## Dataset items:
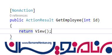 برای مثال متد public با نام GetEmployee نمی تواند مانند دیگر اکشن متد ها فراخوانی شود. کد نمونه در زیر قرار داده شده است.
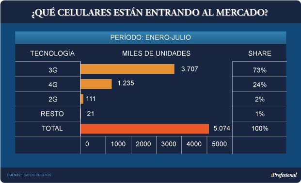 Un aspecto que preocupa a empresarios y expertos del sector informático es que el bajón en el ingreso de nuevos celulares está retrasando la incorporación de equipos que cumplan con los requerimientos de la tecnología 4G.
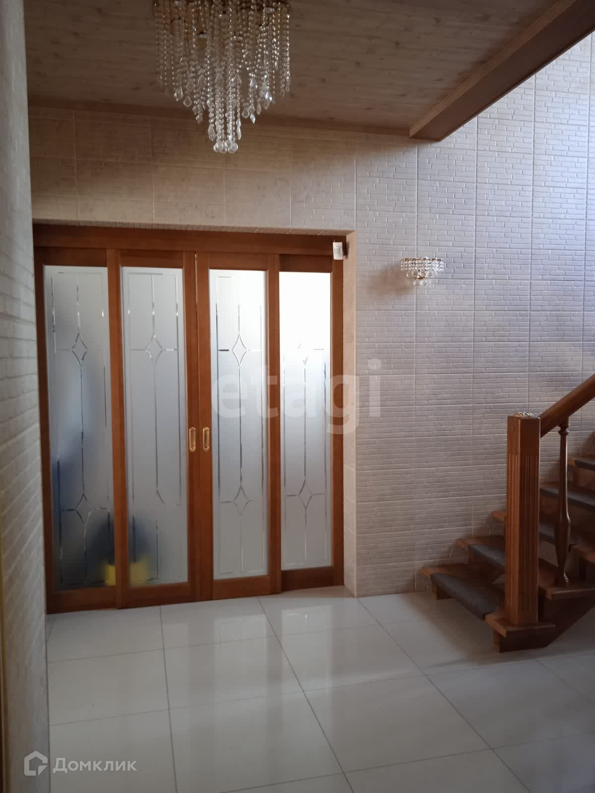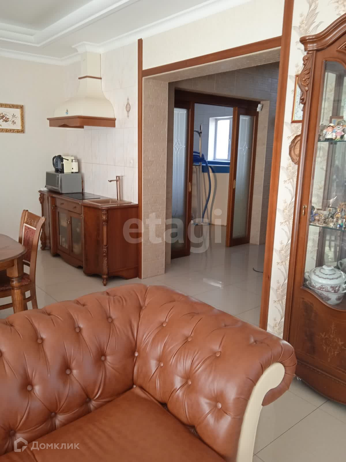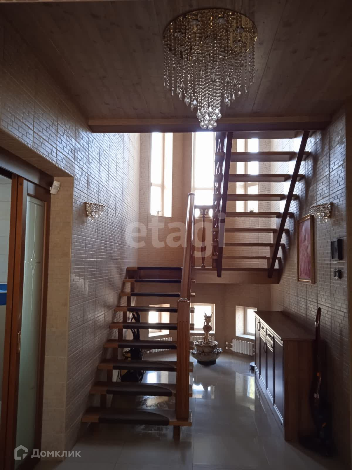На первом этаже расположена просторная кухня-гостиная площадью 42 м² с керамогранитным полом. Также на этом этаже есть баня и сауна с теплым бассейном. Второй этаж состоит из 4-х комнат,с паркетным полом . Площадь двух этажей составаляет 195 м² .Так же возвели третий этаж, оборудовали профессиональным бильярдом и спортивным мини залом с тренажерами и прекрасной комнатой отдыха. Все комнаты и помещения оснащены кондиционерами.На первом и втором этажах по два санузла.
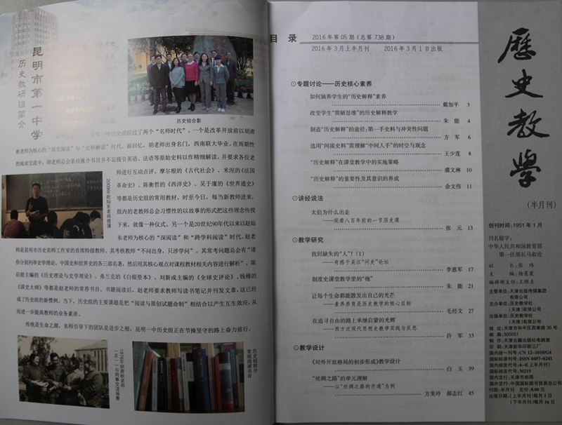 中文社会科学引文索引(CSSCI)来源期刊、全国中文核心期刊、中国人文社会科学核心期刊,在学术界和中学历史教学界有较高影响力、最具权威性的历史教学类杂志《历史教学》2016年3月上半月刊封二位置报道我校历史教研组。
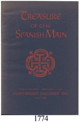 Parke-Bernet Galleries (New York), Treasure of the Spanish Main, February 4, 1967, rare and in demand. One of the earliest and most important sales of Spanish colonial gold and silver cobs, gold jewelry, porcelains, ammunition, and silver bars and clumps recovered from the 1715 Fleet wrecks by the Real Eight Co., with many photos (Fine condition).
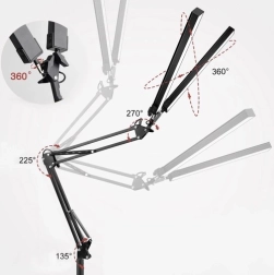 Az állítható kar több síkban forgatható (360 / 225 / 270 / 135 fok), ami növeli a használati rugalmasságot. A szerelés megoldható akár rögzítéssel, akár állványra, ami egyetemes felhasználást biztosít különböző környezetekben, akár otthon, akár irodában van szüksége rá.

## Your assignment:
From the data above, return only the lines starting at the line that holds "Un aspecto que" and ending at the line that holds "中文社会科学引文索引(CSS", word for word and without pictures.

## Output:
 Un aspecto que preocupa a empresarios y expertos del sector informático es que el bajón en el ingreso de nuevos celulares está retrasando la incorporación de equipos que cumplan con los requerimientos de la tecnología 4G.
На первом этаже расположена просторная кухня-гостиная площадью 42 м² с керамогранитным полом. Также на этом этаже есть баня и сауна с теплым бассейном. Второй этаж состоит из 4-х комнат,с паркетным полом . Площадь двух этажей составаляет 195 м² .Так же возвели третий этаж, оборудовали профессиональным бильярдом и спортивным мини залом с тренажерами и прекрасной комнатой отдыха. Все комнаты и помещения оснащены кондиционерами.На первом и втором этажах по два санузла.
 中文社会科学引文索引(CSSCI)来源期刊、全国中文核心期刊、中国人文社会科学核心期刊,在学术界和中学历史教学界有较高影响力、最具权威性的历史教学类杂志《历史教学》2016年3月上半月刊封二位置报道我校历史教研组。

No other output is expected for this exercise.